Swamp Thing said:
Imagine that for some reason the current slow expansion of the universe is going to reverse, and the universe is going to collapse back to the pre-inflation state. [Let's make this an assumption without worrying about the mechnism]
Sorry, you can't just make assumptions and not worry about the mechanism, because if we don't have a theory that allows the scenario you assume as a solution, which I don't think we do (see below), we have no way of saying what will happen in your scenario.
Swamp Thing said:
we have a very dilute and cold distribution of energy, since everything has been processed by black holes in the crunch-and-evaporate process.
Since this certainly isn't the case now, I assume you're talking about some time very, very, very far in the future (something like ##10^70## years or more). How would the expansion of the universe reverse at that point?
Swamp Thing said:
Would it be okay to say, "assuming that the current acceleration is going to reverse at some stage" ?

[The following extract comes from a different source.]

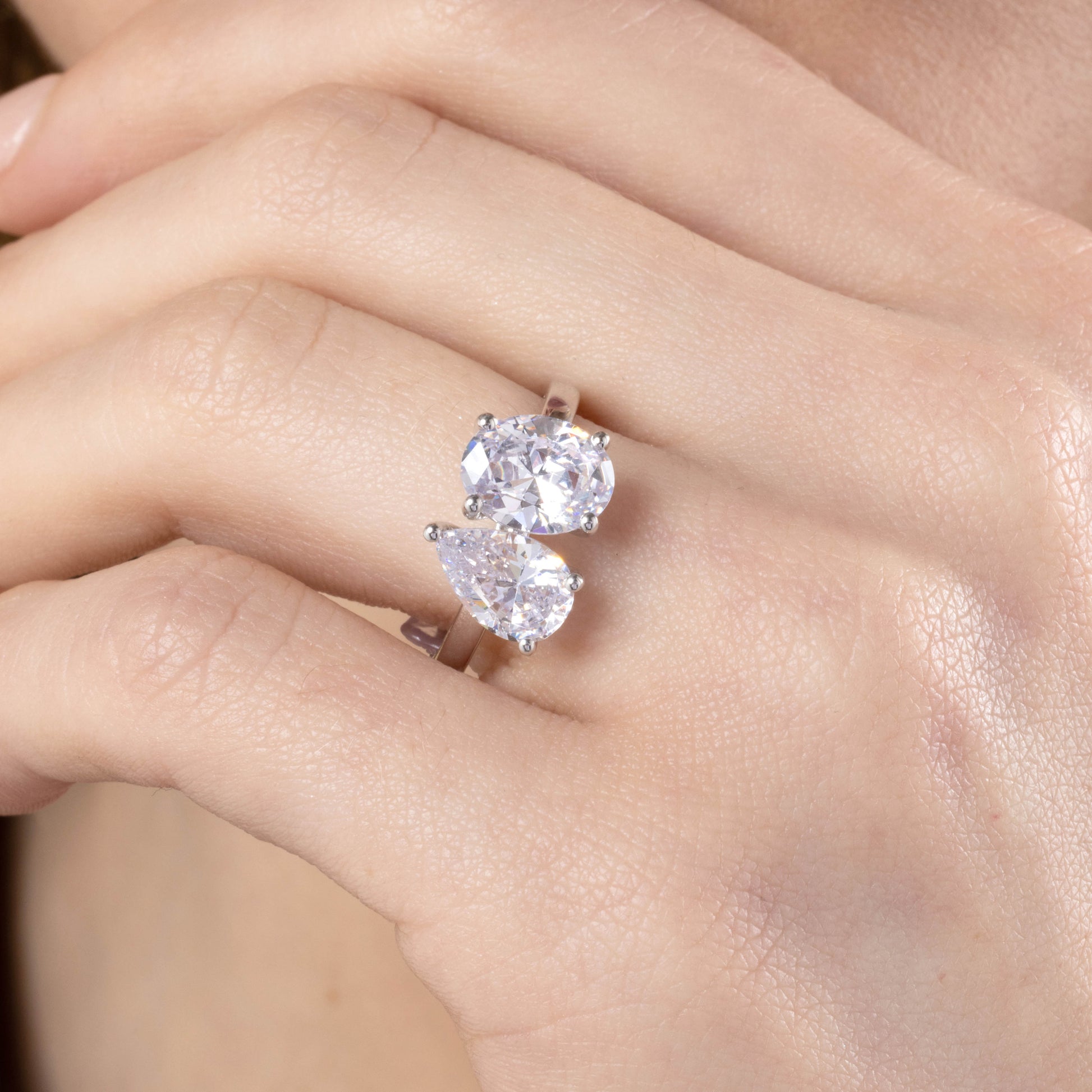 'Toi et Moi' ring, featuring a stunning combination of pear and oval cut diamonds in a claw setting. Available in Platinum or Gold. Certified 2.50 Carats Lab Grown Diamonds Colour D, VS.

No. Reversing the expansion is not the same as reversing the acceleration. The latter is a much less stringent condition than the former.
Swamp Thing said:
I'm no expert, but I gather that this has to do with the curvature of our spacetime.

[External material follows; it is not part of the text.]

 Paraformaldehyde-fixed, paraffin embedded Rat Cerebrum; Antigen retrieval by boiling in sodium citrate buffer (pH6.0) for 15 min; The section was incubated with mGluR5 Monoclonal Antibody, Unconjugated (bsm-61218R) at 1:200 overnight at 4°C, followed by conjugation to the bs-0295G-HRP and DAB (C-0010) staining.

No, it has to do with what kinds of stress-energy are present. Currently the universe is dominated by dark energy, and we expect that to remain the case forever into the future, in which case the expansion will continue to accelerate forever.

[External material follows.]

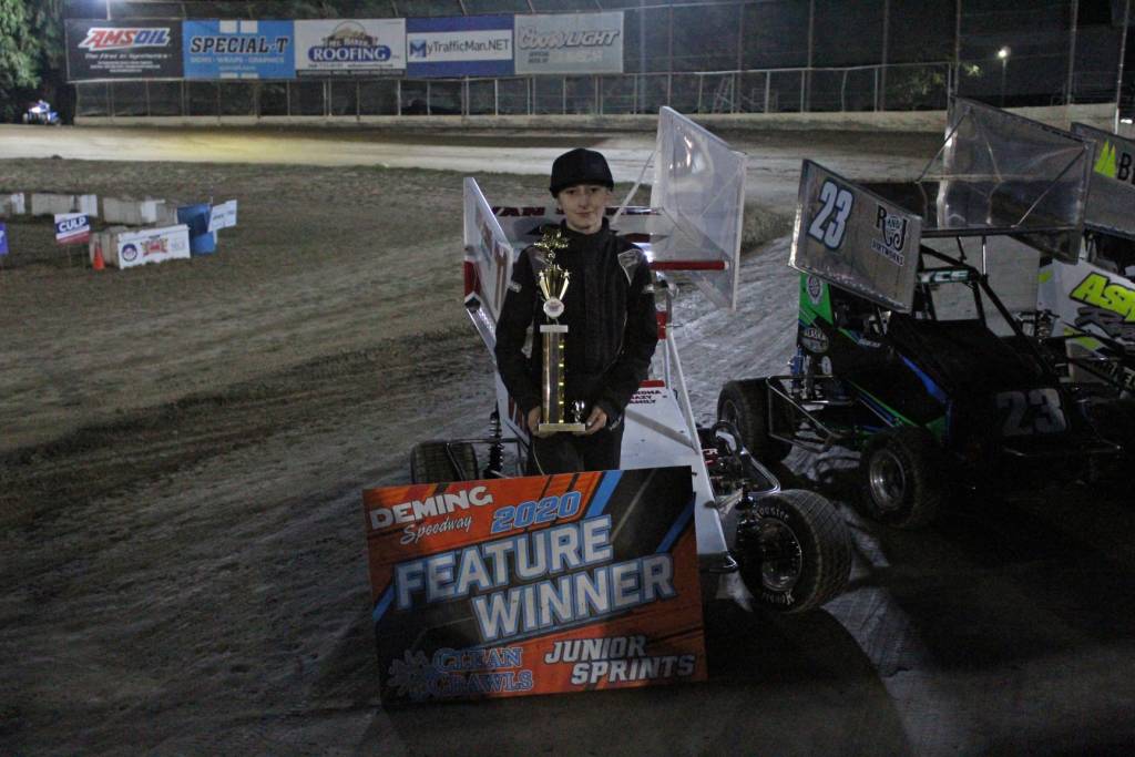 The final appearance of the year for the NW Focus Midgets at Deming Speedway saw Nick Evans roll to the win. Evans used the low groove to pass eventual runner up Levi Harless on lap 11 before grabbing his second victory of the season at the track. Shane Smith picked up third in the feature.

For your scenario to work, you would have to find a way to (a) get rid of the dark energy so the expansion can decelerate, and (b) somehow increase the overall density of stress-energy in the universe enough to be above the critical density, so the universe will stop expanding and start recollapsing. I don't know of any way to do either of those things within our current understanding of physics. If you can find a reference that seems to suggest a way, post it. But in the absence of one I don't think we have a well-defined model to discuss.